Fitness consequences of sex allocation

We used two genetically transformed lines of the rodent malaria Plasmodium berghei to examine the fitness consequences of sex ratio variation36,37. One parasite line (pb48/45-ko) cannot express genes essential for male-gamete fertility, so it is limited to female function; the other (pb47-ko) cannot express genes essential for female-gamete fertility, so it has only male function. Otherwise, both lines are genetically identical, exhibit normal infection dynamics and their gametocyte and gamete production is the same as their wild-type ancestor. By mixing parasites from these lines in different proportions and using in vitro fertilization culture methods, we directly manipulated mating-group sex ratio (proportion of male gametocytes) and measured the resulting reproductive success as the number of zygotes (ookinetes) produced38. As predicted by theory, mating success is maximized at intermediate sex ratios, indicating that sex allocation in malaria parasites is likely to be under stabilizing selection (Fig. 1: linear term, F1,90=40.97, P<0.0001; and quadratic term, F1,90=13.81, P=0.004). These data also support LMC theory, as mating group reproductive success is maximized at female-biased sex ratios (maximum 33% males: 95% confidence index (CI), 20–39%; see Supplementary Information). We estimate that each male produces an average of 2.03 viable gametes (95% CI, 1.56–4.00), revealing that, on average, male gametocytes fail to realize their potential fecundity of eight gametes and will become limiting to mating group productivity at extremely female-biased sex ratios.
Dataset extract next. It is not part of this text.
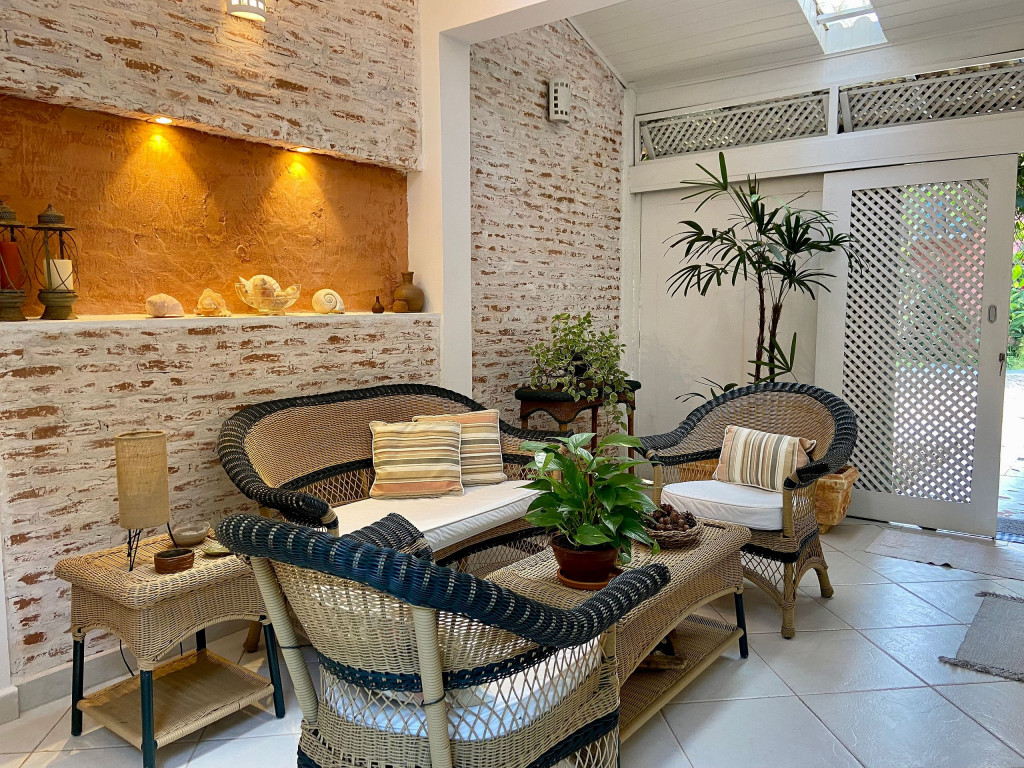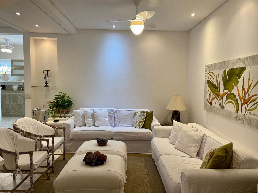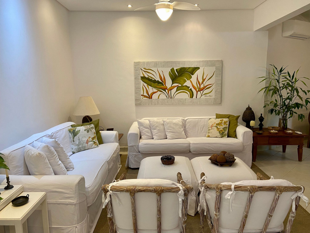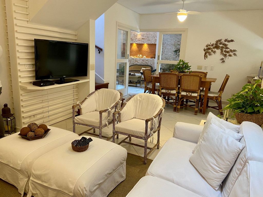 Casa muito bem decorada e equipada, com 4 suítes sendo uma térrea e três no pavimento superior. Fica no canto direito de Juquehy, ao lado do restaurante Badauê. O condomínio oferece quadra de tênis, uma piscina com deck e vista para o mar. O grande diferencial é o apoio de praia, localizado em uma área pé na areia privativa do condomínio, com cadeiras, tendas, parquinho para crianças, churrasqueira e banheiros.A distância da casa até a areia é de 100 metros.

Owing to biological constraints, difficulty controlling for other relevant trade-offs, and genotype-by-environment interactions, mapping fitness across the range of sex allocation strategies has not previously been possible for malaria parasites or any other taxa. Therefore, these data are the first to unequivocally support a fundamental assumption of sex allocation as applied to any species.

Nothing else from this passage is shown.